__Exercise brief__
Your answer is the lines below, exactly, from the one that contains "Почтомат Халва. Войти" through the one that contains "Op donderdag 14", both included.

__Provided data__
::::::

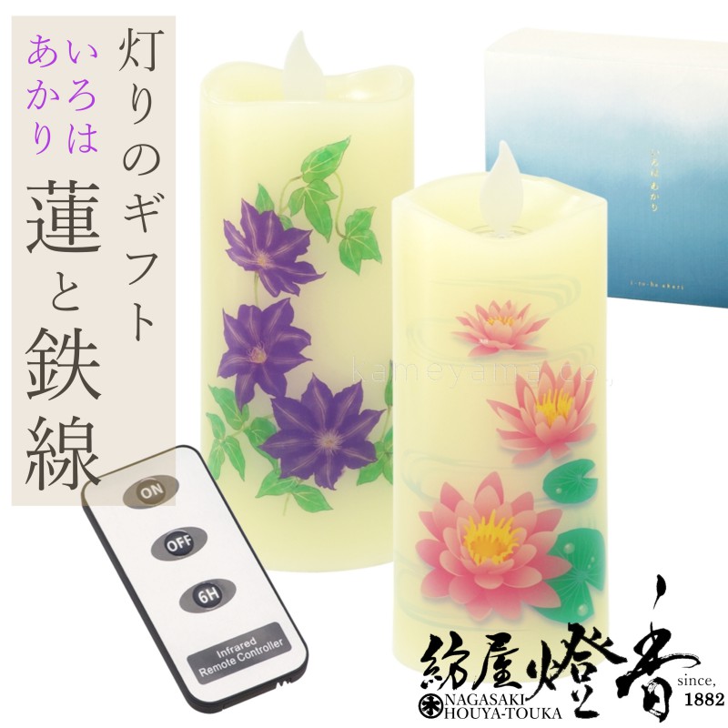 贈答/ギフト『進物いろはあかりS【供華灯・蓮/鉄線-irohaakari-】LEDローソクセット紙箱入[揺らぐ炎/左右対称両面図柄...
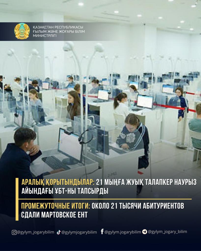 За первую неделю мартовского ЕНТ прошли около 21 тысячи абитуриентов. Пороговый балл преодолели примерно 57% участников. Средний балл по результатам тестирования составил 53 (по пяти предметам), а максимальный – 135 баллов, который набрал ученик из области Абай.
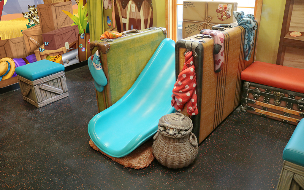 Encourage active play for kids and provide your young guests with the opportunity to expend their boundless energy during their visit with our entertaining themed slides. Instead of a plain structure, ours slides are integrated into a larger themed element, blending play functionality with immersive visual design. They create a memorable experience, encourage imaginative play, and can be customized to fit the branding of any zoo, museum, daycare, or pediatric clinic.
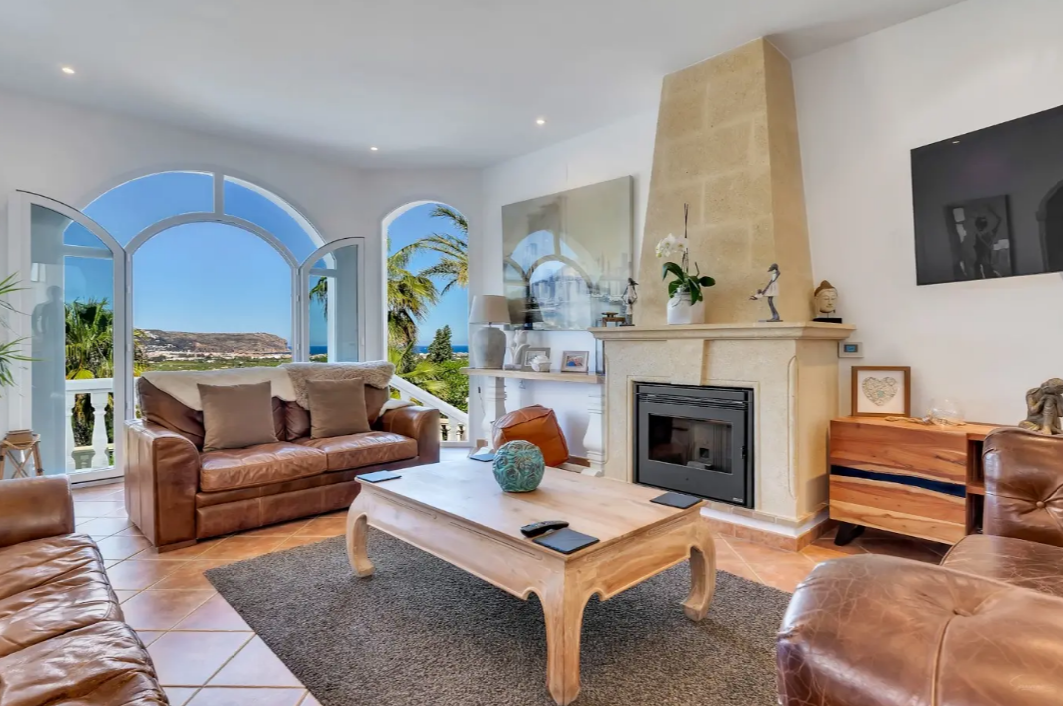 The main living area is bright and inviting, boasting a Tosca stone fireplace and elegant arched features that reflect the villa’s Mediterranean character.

::::::

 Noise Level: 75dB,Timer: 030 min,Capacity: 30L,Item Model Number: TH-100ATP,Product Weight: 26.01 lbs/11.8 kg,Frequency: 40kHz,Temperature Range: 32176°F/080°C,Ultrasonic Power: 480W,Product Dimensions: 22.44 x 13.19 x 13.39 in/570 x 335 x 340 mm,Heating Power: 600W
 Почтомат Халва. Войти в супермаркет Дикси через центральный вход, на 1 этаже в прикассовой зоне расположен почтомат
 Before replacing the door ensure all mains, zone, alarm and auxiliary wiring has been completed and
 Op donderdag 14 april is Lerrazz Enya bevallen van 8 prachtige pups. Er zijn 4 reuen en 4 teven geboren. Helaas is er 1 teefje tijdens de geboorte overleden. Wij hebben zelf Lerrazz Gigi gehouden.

::::::

__Task response__
 Почтомат Халва. Войти в супермаркет Дикси через центральный вход, на 1 этаже в прикассовой зоне расположен почтомат
 Before replacing the door ensure all mains, zone, alarm and auxiliary wiring has been completed and
 Op donderdag 14 april is Lerrazz Enya bevallen van 8 prachtige pups. Er zijn 4 reuen en 4 teven geboren. Helaas is er 1 teefje tijdens de geboorte overleden. Wij hebben zelf Lerrazz Gigi gehouden.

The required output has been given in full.